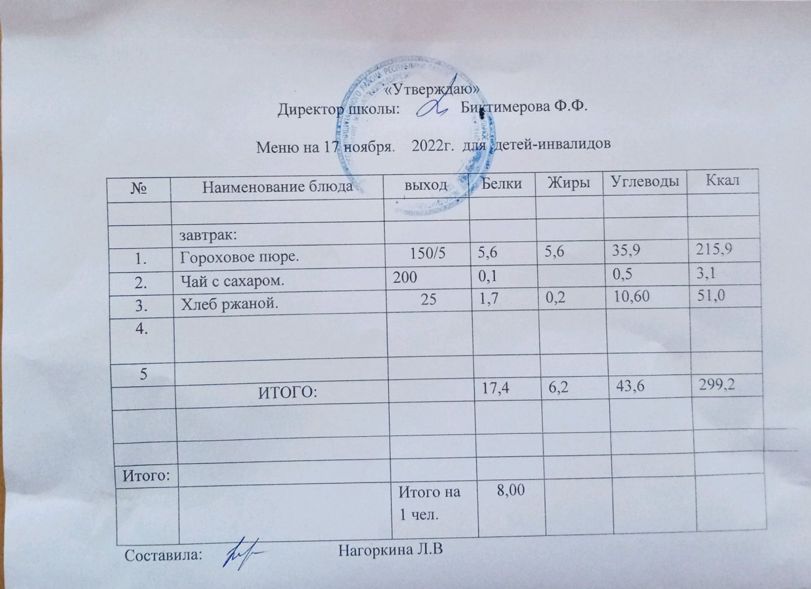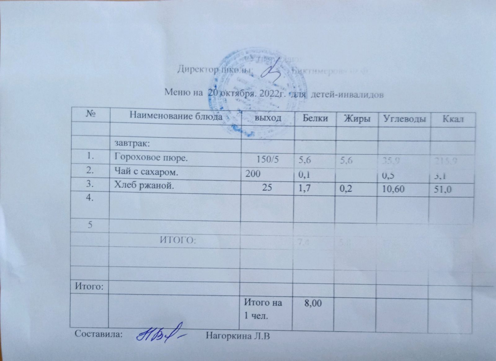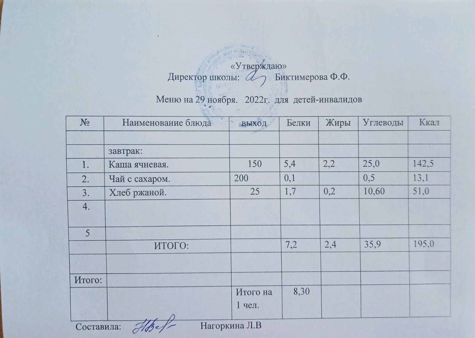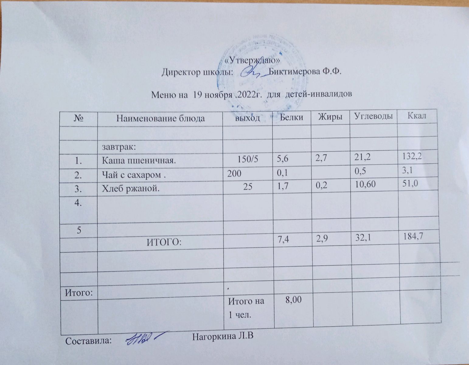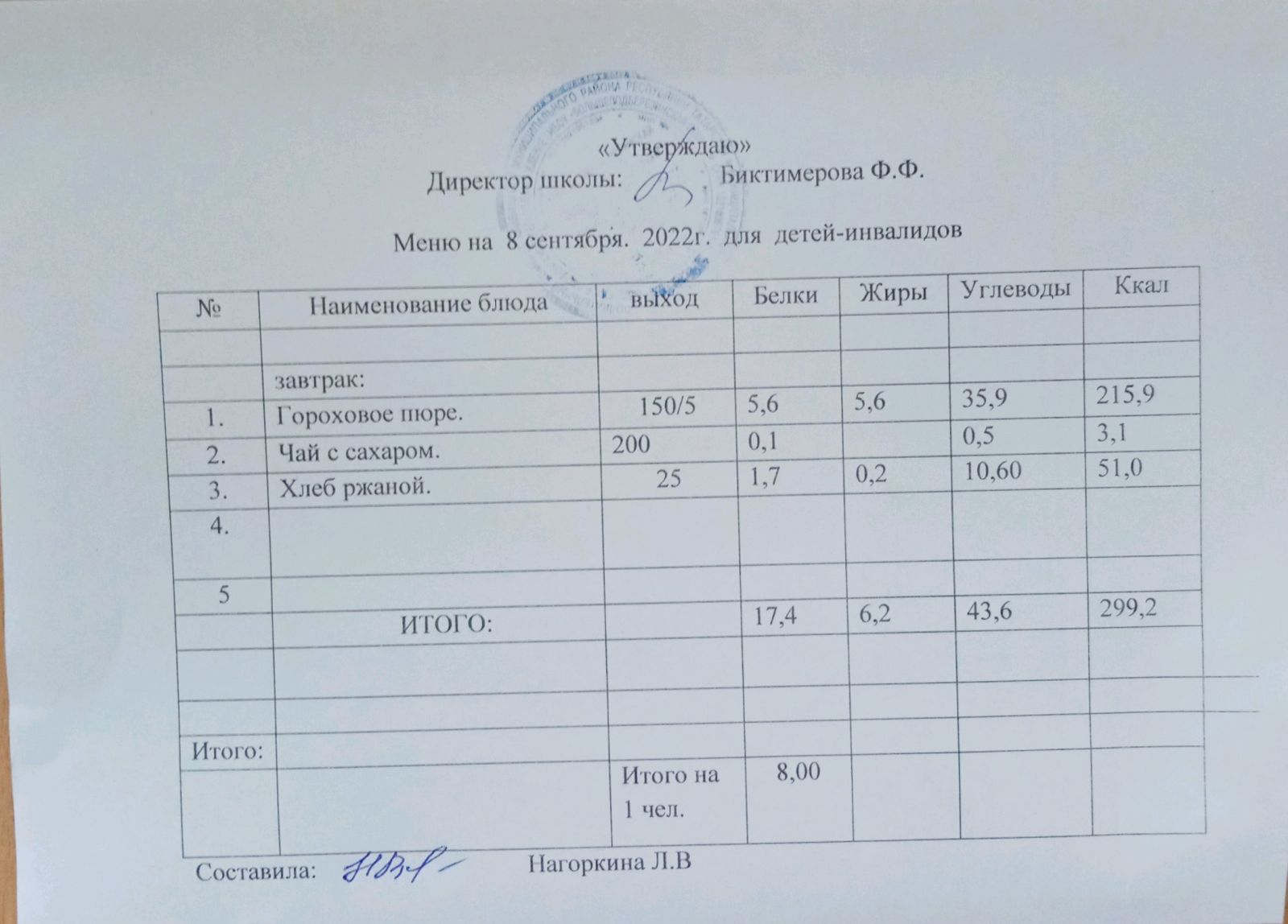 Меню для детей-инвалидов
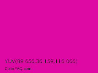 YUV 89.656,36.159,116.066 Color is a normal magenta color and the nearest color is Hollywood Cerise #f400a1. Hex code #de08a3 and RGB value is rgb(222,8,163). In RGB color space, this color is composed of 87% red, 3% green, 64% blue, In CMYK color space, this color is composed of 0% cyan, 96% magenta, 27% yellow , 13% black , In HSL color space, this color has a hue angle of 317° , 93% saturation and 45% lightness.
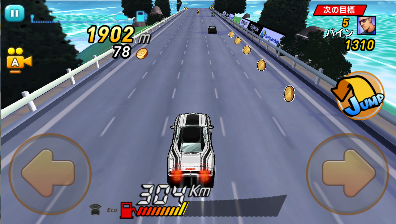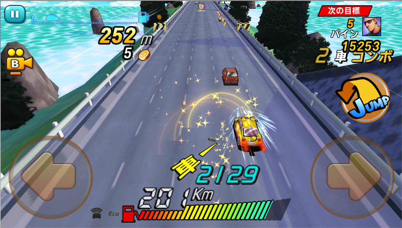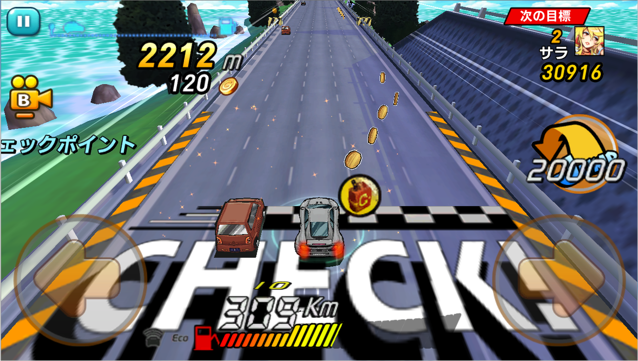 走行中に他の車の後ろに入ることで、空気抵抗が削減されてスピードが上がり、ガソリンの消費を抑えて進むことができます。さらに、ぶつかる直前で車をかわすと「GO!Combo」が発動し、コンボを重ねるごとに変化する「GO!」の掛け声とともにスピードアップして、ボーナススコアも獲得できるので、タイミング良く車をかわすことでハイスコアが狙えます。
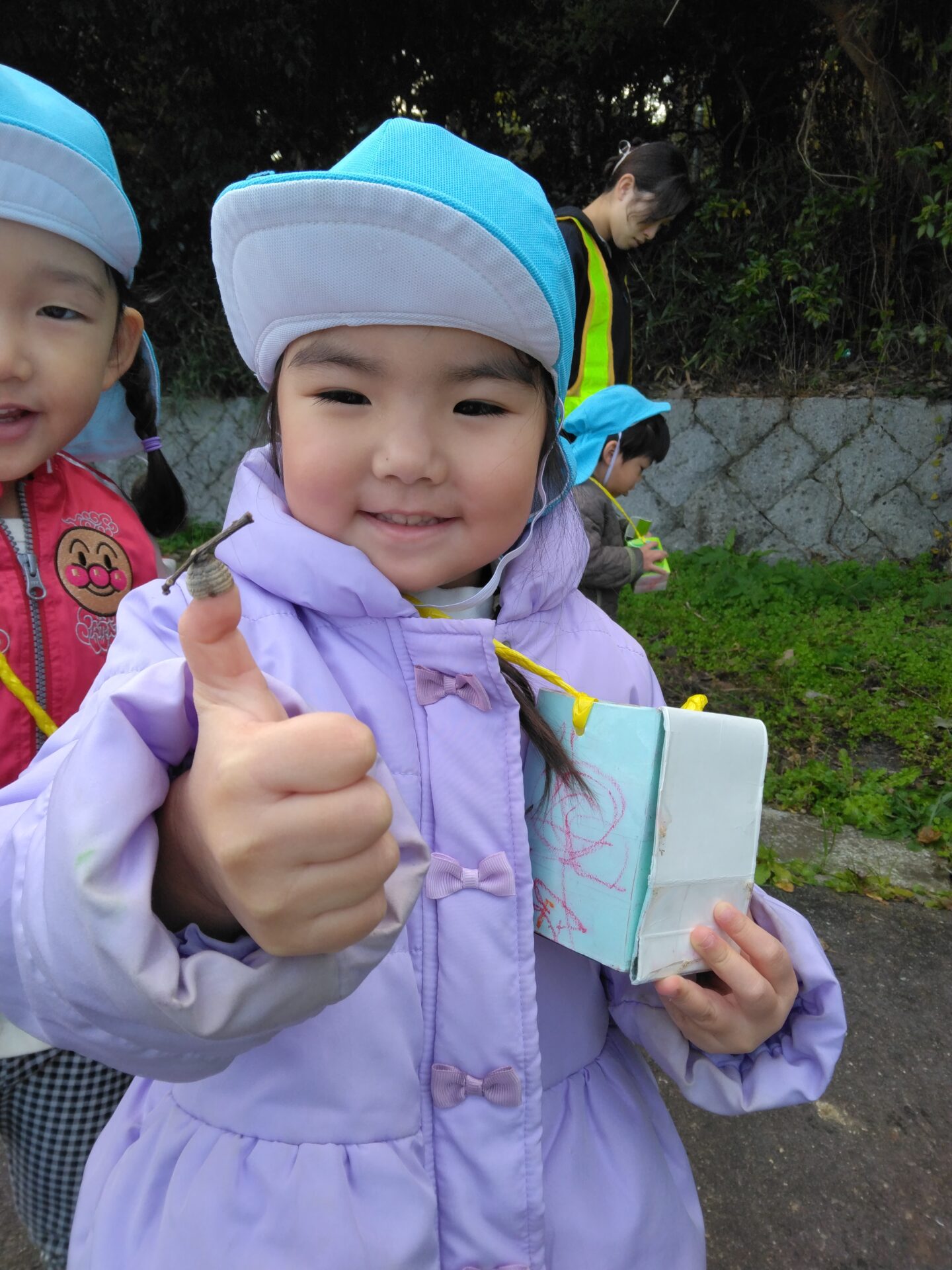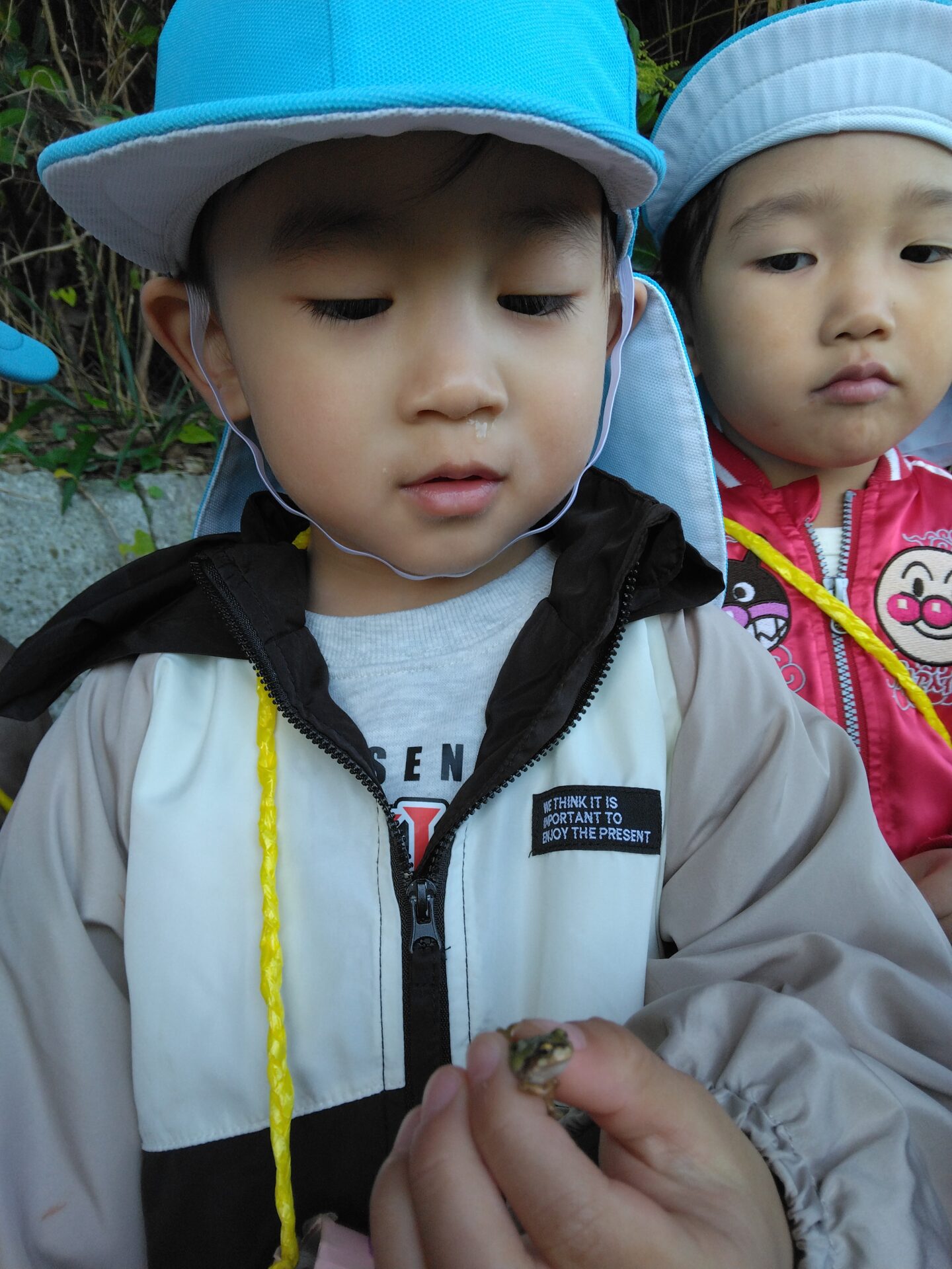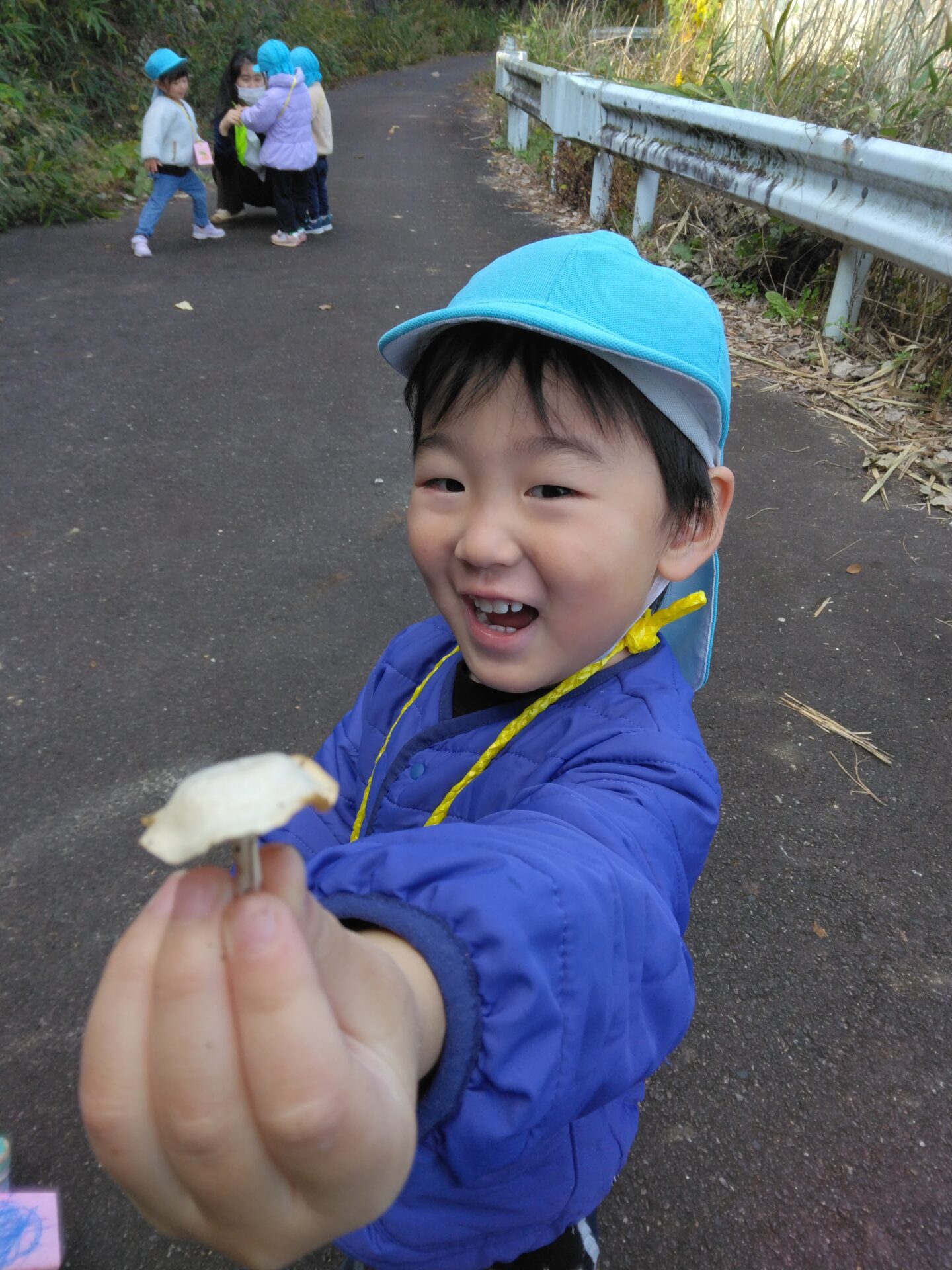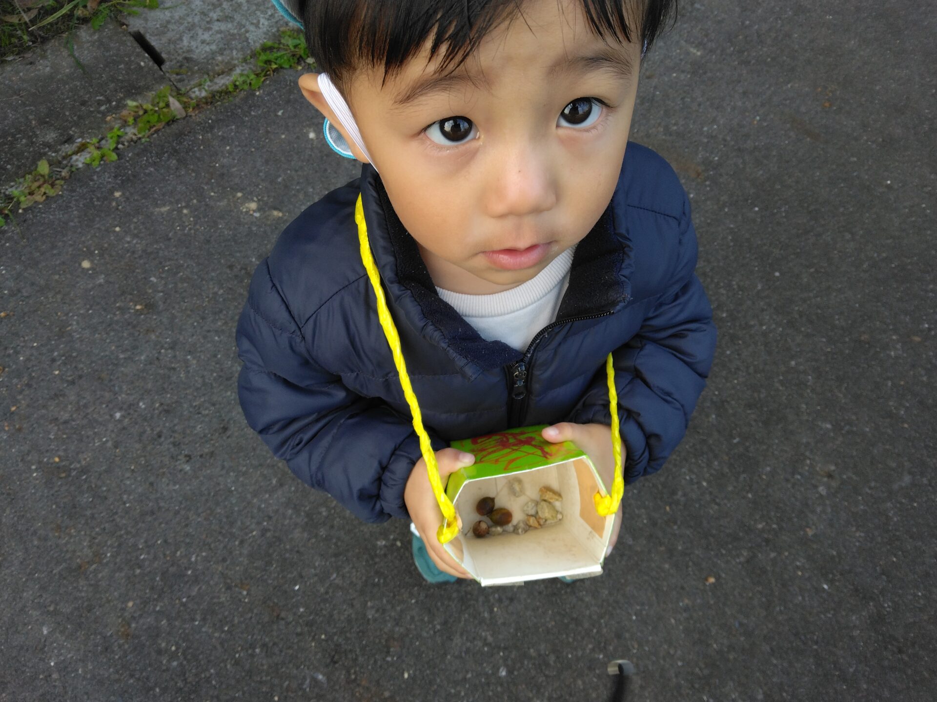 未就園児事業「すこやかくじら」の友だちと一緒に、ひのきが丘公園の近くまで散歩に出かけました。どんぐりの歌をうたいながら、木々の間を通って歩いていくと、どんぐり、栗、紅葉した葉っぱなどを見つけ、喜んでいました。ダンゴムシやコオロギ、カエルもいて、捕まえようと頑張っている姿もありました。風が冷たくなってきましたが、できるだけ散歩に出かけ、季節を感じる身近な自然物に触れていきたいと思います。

§ §

**What you should do:** The line containing "YUV 89.656,36.159,116.066 Color" and every line after it, up to the last line of the data, should be returned exactly, without the pictures.

**Response:**
 YUV 89.656,36.159,116.066 Color is a normal magenta color and the nearest color is Hollywood Cerise #f400a1. Hex code #de08a3 and RGB value is rgb(222,8,163). In RGB color space, this color is composed of 87% red, 3% green, 64% blue, In CMYK color space, this color is composed of 0% cyan, 96% magenta, 27% yellow , 13% black , In HSL color space, this color has a hue angle of 317° , 93% saturation and 45% lightness.
 走行中に他の車の後ろに入ることで、空気抵抗が削減されてスピードが上がり、ガソリンの消費を抑えて進むことができます。さらに、ぶつかる直前で車をかわすと「GO!Combo」が発動し、コンボを重ねるごとに変化する「GO!」の掛け声とともにスピードアップして、ボーナススコアも獲得できるので、タイミング良く車をかわすことでハイスコアが狙えます。
 未就園児事業「すこやかくじら」の友だちと一緒に、ひのきが丘公園の近くまで散歩に出かけました。どんぐりの歌をうたいながら、木々の間を通って歩いていくと、どんぐり、栗、紅葉した葉っぱなどを見つけ、喜んでいました。ダンゴムシやコオロギ、カエルもいて、捕まえようと頑張っている姿もありました。風が冷たくなってきましたが、できるだけ散歩に出かけ、季節を感じる身近な自然物に触れていきたいと思います。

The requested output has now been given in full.